О прошлом мы знаем понаслышке, а двадцатый Зотов помнит сам, весь. Он знает его на вкус и на ощупь, и раны и синяки, все беды его он знает на собственной шкуре. Из года в год ускорялся его бег, и магнитный маятник увеличивал свой размах, и вот он кончается, двадцатый век, и маятник бьется о его
При Зотове возникало скоропалительное нечто с обещанием на века и превращалось в ничто. Двадцатый век — это огромный вдох, и надо о нем рассказать счастливым детям выдоха.
Древо жизни и Древо познания Добра и Зла стали известны Зотову на внезапном повороте его тропы.
А между двух деревьев, двух этих ботанических феноменов, двух метафор, — общая для них почва — Образ, Пункт встречи живого с неживым и двух миров — желанного с нежеланным. Потому что Образ может быть и Рай и Ад.
Зотов чувствовал себя в раю, его окружали любимые Живые существа — они были подобием тех Образов, которые грезились ему всю жизнь.
Но недолгим было его счастье с человечками, беда которых была в том, что они зеленые.
Дело кончилось так же быстро, как в том давнем воображаемом раю.
— Мы ничего не знаем о жизни, — сказала Настя.
— Есть простой способ, — сказал Серега. — Надо прочесть тетрадки прапрадеда.
— Я знаю, где они у него спрятаны, — сказала Люська.
И это было началом всего остального.
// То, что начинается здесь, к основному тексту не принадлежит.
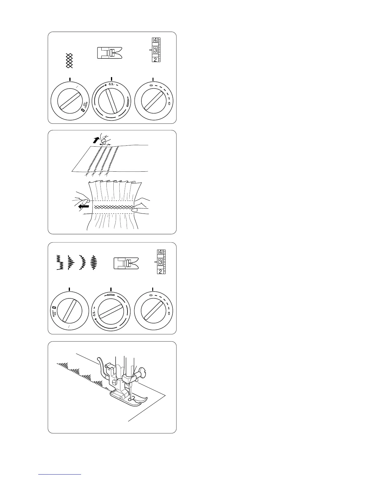 With the stitch length at “ 4 ”, sew straight stitching lines
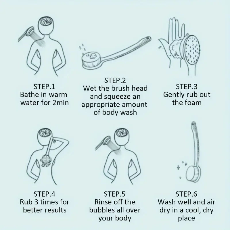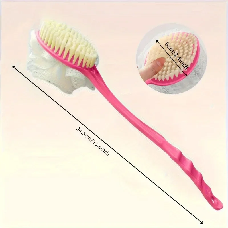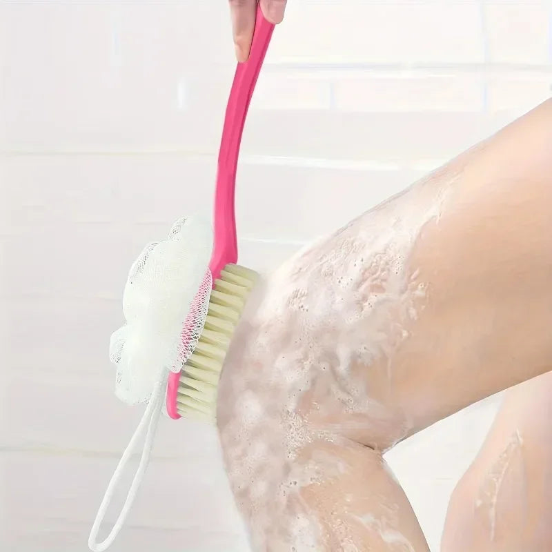 2-In-1 Bath Soft Back Brush Gentle Exfoliating Body Brush Bath Shower Sponge Scrubbing Brush Bathroom Shower Cleaning Tool

Когда он открыл дверь, Серега и Люська испуганно смотрели на Настю, а увидев Зотова, тихо смылись.
— Что ты делаешь?… — спросил Зотов с горькой горечью, когда увидел, как она читает его тетрадки, которые он не догадался упрятать туда, откуда они пришли, — в прошлое.
— Дед, мне снился страшный сон, — сказала она. — Я прогоняла прошлое…
Настя отложила тетрадку, светлая и бледненькая, как за чужие грехи козленочек. Она отложила тетрадку, где ее другой любимый, добрый, благородный, бережный дед бил Зотова и Сократа головами об стенку в южной тюрьме.
Настя отложила тетрадку и сказала тихонько:
— Я все поняла… жестокость всех, во всем и всегда.
— Не всех, не во всем и не всегда, — сказал Зотов. — Иначе мы бы с тобой не встретились. Если жизнь есть, значит, она до сих пор сильнее смерти… Значит, сумма плюсов превышает сумму минусов… простой расчет… Несмотря ни на что — превышает.
— Да… мы с тобой космонавты на земле, — сказала Настя. — Веселые, прилетевшие… Сейчас они отдыхают и у них антракт… Я знаю, как начать стих: — в антракте засиделись космонавты… на сцене пьеса страшная идет… Я не хочу с ними жить…
— С кем?
— С людьми… Я не хочу с ними жить… Я хочу улететь с земли… Петр Алексеевич, давай улетим…
— Нет… — сказал Зотов. — Я останусь.
— С кем?
— С людьми, — сказал Зотов. — У меня чересчур сильное земное притяжение — оно называется любовь… Я всю жизнь принимал в них участие, я участник всего и хочу разделить с ними участь.
На следующий день Настенька уехала.
— Преждевременно она прочла все это, — сказал Панфилов, когда все узнал.